Historic house in Ohio, United States

The Georg Cronenwett House is a historic residence in the village of Woodville, Ohio, United States. Located along Main Street on the village's western side, the house has been designated a historic site because of its historic architecture and because of a famous former resident.

Born in the town of Langensteinbach in the Grand Duchy of Baden, Georg Cronenwett settled in the United States in 1832 at the age of eighteen. After nine years of life in Monroe, Michigan, he moved to Woodville at the end of 1841. Throughout this time, Cronenwett was a prominent Lutheran missionary in the Great Black Swamp region of northwestern Ohio and southeastern Michigan. In Woodville, he established his center of operations; among the organizations that he founded in the area were a church school and the Woodville Seminary.

Cronenwett arranged for the construction of the present house in 1858. Built in the Greek Revival style of architecture, it is a brick building with a stone foundation.
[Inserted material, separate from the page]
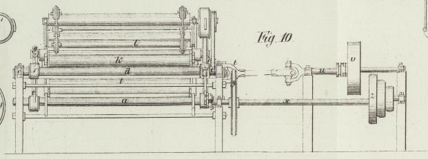 Walzen fortgeleitet. Auf einer dieser Walzen läuft eine andere nach Art der
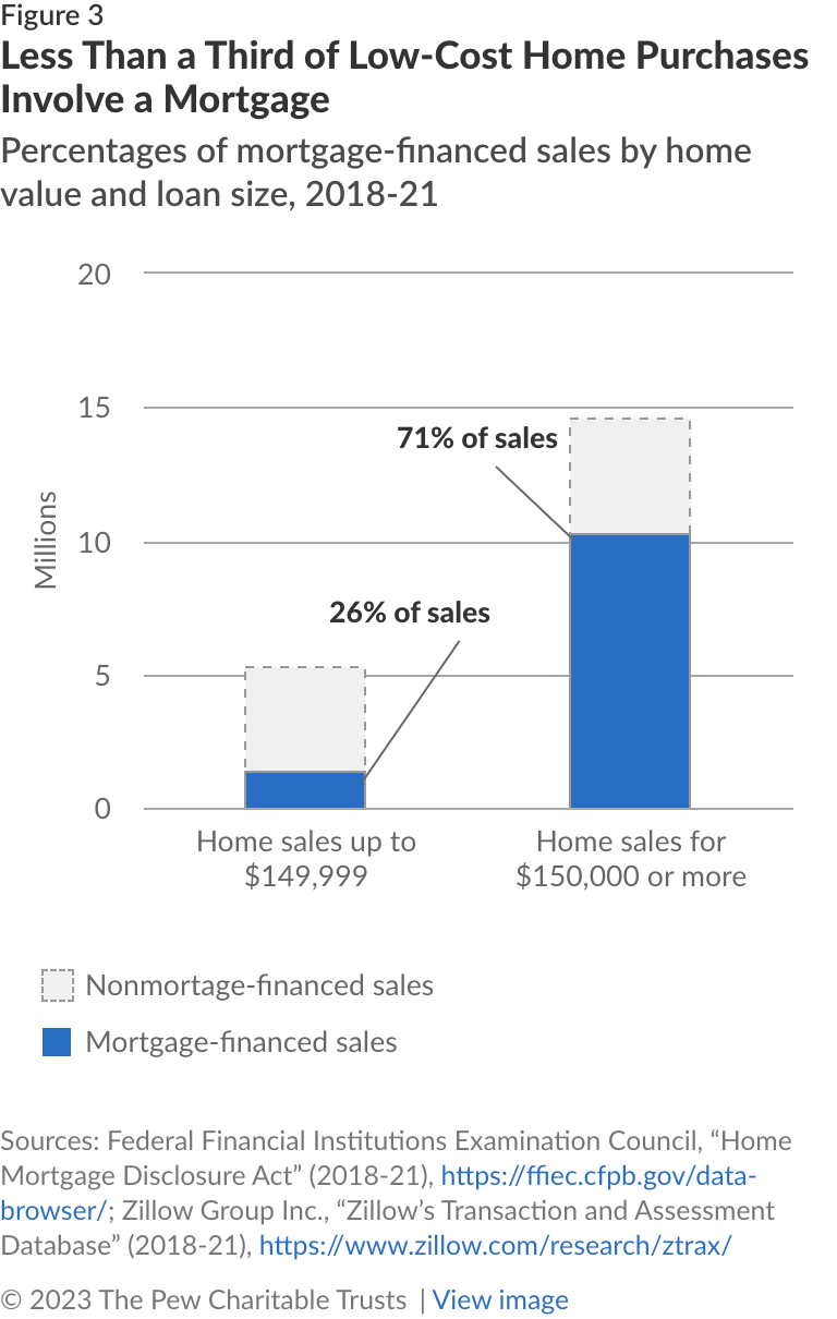 - Most low-cost home purchases do not involve a mortgage. Despite rising prices, sales of low-cost homes remain common nationwide, accounting for more than a quarter of total sales from 2018 to 2021. However, just 26% of properties that sold for less than $150,000 were financed using a mortgage, compared with 71% of higher-cost homes.

Some parts are older than others; Cronenwett's original house was only the center of the current structure. This original portion is three bays wide and entered through a recessed main entrance on one side. The house was the first Woodville building to be erected as a parsonage.

In late 1978, the Georg Cronenwett House was listed on the National Register of Historic Places. It qualified for this designation in two different ways: its architecture was deemed of historic significance, and Cronenwett was such an important member of the community's history that the house qualified because of its connection to him. More than seven years later, one other Fremont building joined the Cronenwett House on the National Register: the Christopher C. Layman Law Office, an Italianate building on First Street.